Dataset content:
--------------------------------------------------

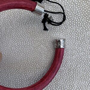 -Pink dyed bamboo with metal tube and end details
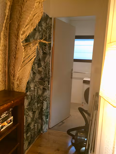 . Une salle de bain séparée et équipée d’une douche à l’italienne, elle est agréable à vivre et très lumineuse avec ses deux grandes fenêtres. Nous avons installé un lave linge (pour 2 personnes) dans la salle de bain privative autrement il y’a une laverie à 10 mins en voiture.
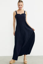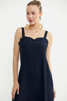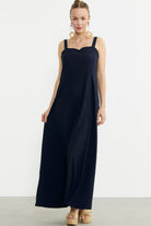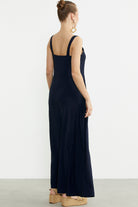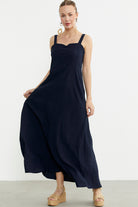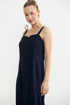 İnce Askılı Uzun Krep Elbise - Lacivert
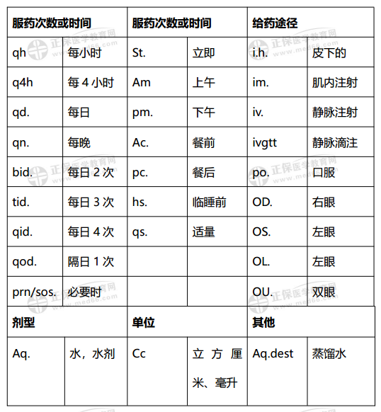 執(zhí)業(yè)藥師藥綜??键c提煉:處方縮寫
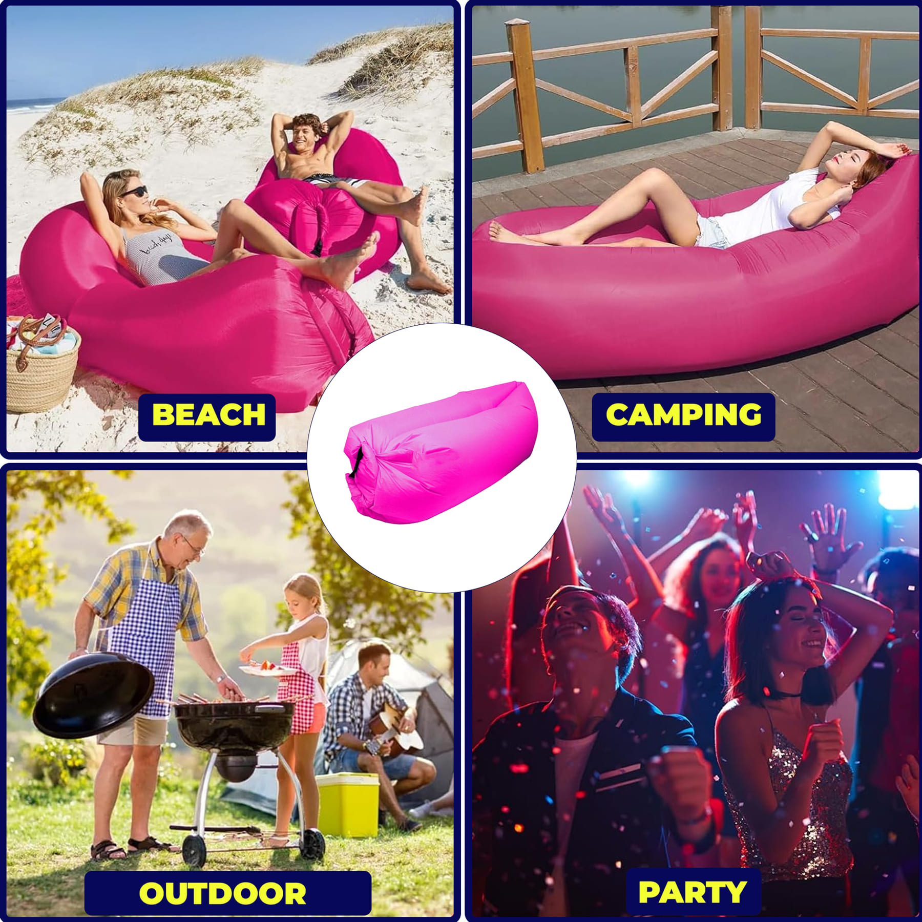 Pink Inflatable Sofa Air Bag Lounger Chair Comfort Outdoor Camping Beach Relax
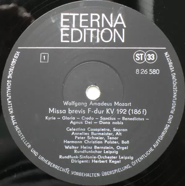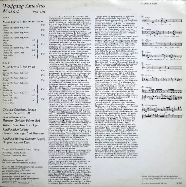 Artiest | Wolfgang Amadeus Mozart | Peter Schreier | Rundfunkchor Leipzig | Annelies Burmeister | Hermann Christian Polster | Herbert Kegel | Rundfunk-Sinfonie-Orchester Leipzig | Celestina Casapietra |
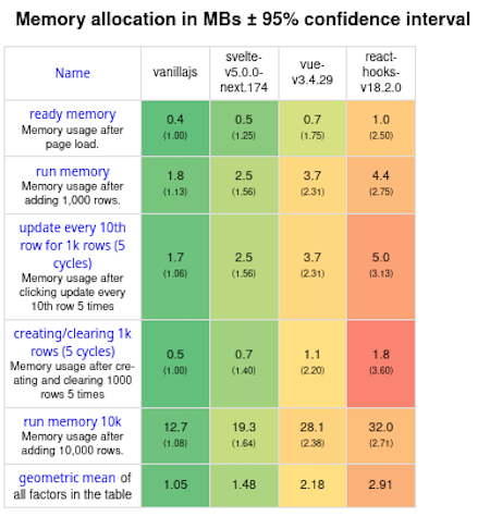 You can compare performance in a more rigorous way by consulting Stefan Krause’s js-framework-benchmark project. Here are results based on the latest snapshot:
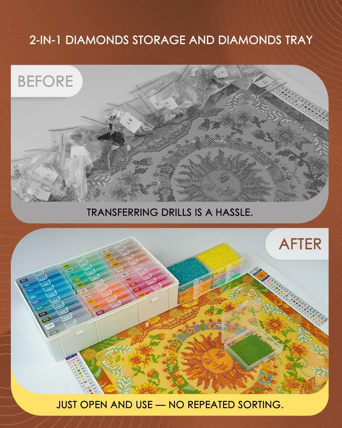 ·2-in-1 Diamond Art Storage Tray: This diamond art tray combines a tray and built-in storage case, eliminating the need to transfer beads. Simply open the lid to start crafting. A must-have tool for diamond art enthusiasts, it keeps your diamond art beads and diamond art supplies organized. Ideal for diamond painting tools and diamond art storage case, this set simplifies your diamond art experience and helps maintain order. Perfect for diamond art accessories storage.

--------------------------------------------------

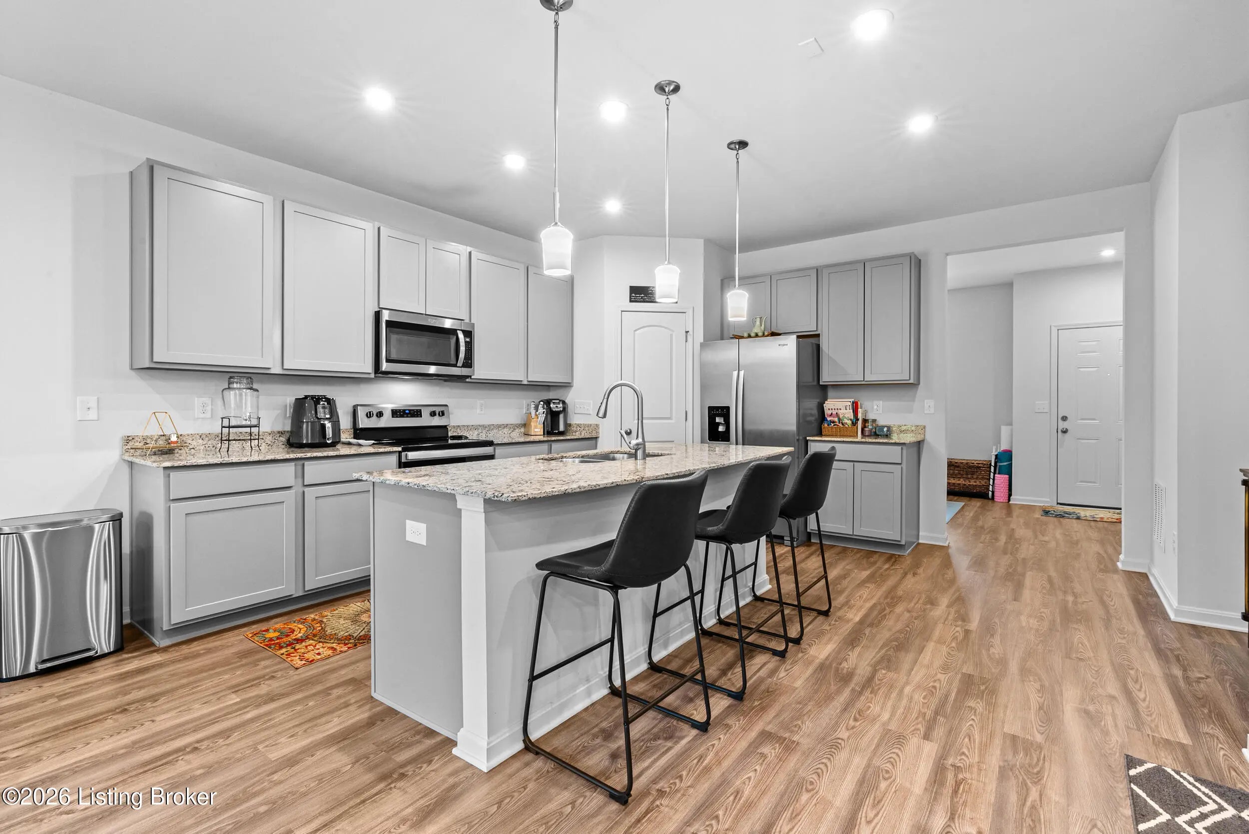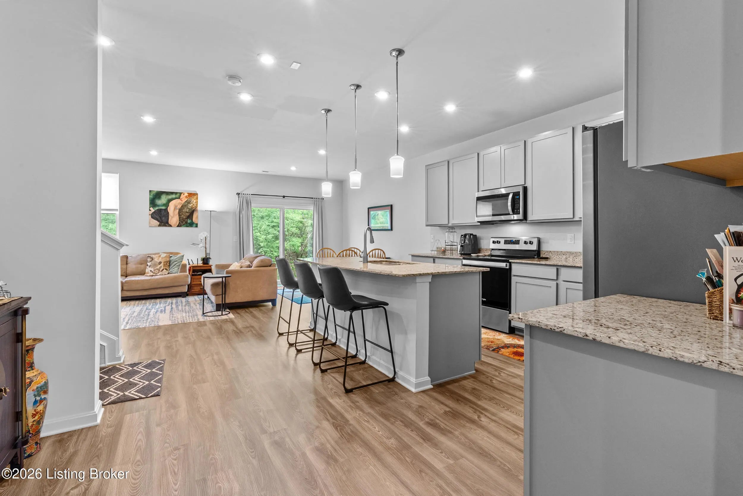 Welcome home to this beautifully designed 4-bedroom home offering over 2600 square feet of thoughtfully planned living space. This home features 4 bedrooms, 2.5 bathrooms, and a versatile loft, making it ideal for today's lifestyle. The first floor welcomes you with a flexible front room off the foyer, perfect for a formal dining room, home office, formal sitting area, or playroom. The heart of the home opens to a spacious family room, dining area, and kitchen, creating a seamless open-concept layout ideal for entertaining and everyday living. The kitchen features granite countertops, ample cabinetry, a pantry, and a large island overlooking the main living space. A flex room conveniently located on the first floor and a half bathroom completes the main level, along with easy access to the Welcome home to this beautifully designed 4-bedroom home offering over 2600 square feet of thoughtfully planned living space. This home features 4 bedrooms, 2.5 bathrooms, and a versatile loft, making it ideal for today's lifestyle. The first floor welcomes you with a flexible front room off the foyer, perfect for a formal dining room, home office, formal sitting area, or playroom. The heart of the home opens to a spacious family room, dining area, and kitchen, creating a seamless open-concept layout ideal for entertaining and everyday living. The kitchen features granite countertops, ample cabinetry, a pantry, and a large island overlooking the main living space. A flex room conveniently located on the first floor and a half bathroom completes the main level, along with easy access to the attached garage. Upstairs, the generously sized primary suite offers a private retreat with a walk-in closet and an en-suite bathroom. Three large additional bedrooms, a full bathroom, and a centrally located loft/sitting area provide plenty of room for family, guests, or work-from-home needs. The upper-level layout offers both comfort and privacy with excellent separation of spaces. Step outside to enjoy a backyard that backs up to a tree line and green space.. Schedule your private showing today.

--------------------------------------------------

What to work on: Reproduce the listing above only between the lines holding "-Pink dyed bamboo" and "You can compare", inclusive. Every line must match exactly, and pictures are dropped.

Expected answer:
 -Pink dyed bamboo with metal tube and end details
 . Une salle de bain séparée et équipée d’une douche à l’italienne, elle est agréable à vivre et très lumineuse avec ses deux grandes fenêtres. Nous avons installé un lave linge (pour 2 personnes) dans la salle de bain privative autrement il y’a une laverie à 10 mins en voiture.
 İnce Askılı Uzun Krep Elbise - Lacivert
 執(zhí)業(yè)藥師藥綜??键c提煉:處方縮寫
 Pink Inflatable Sofa Air Bag Lounger Chair Comfort Outdoor Camping Beach Relax
 Artiest | Wolfgang Amadeus Mozart | Peter Schreier | Rundfunkchor Leipzig | Annelies Burmeister | Hermann Christian Polster | Herbert Kegel | Rundfunk-Sinfonie-Orchester Leipzig | Celestina Casapietra |
 You can compare performance in a more rigorous way by consulting Stefan Krause’s js-framework-benchmark project. Here are results based on the latest snapshot:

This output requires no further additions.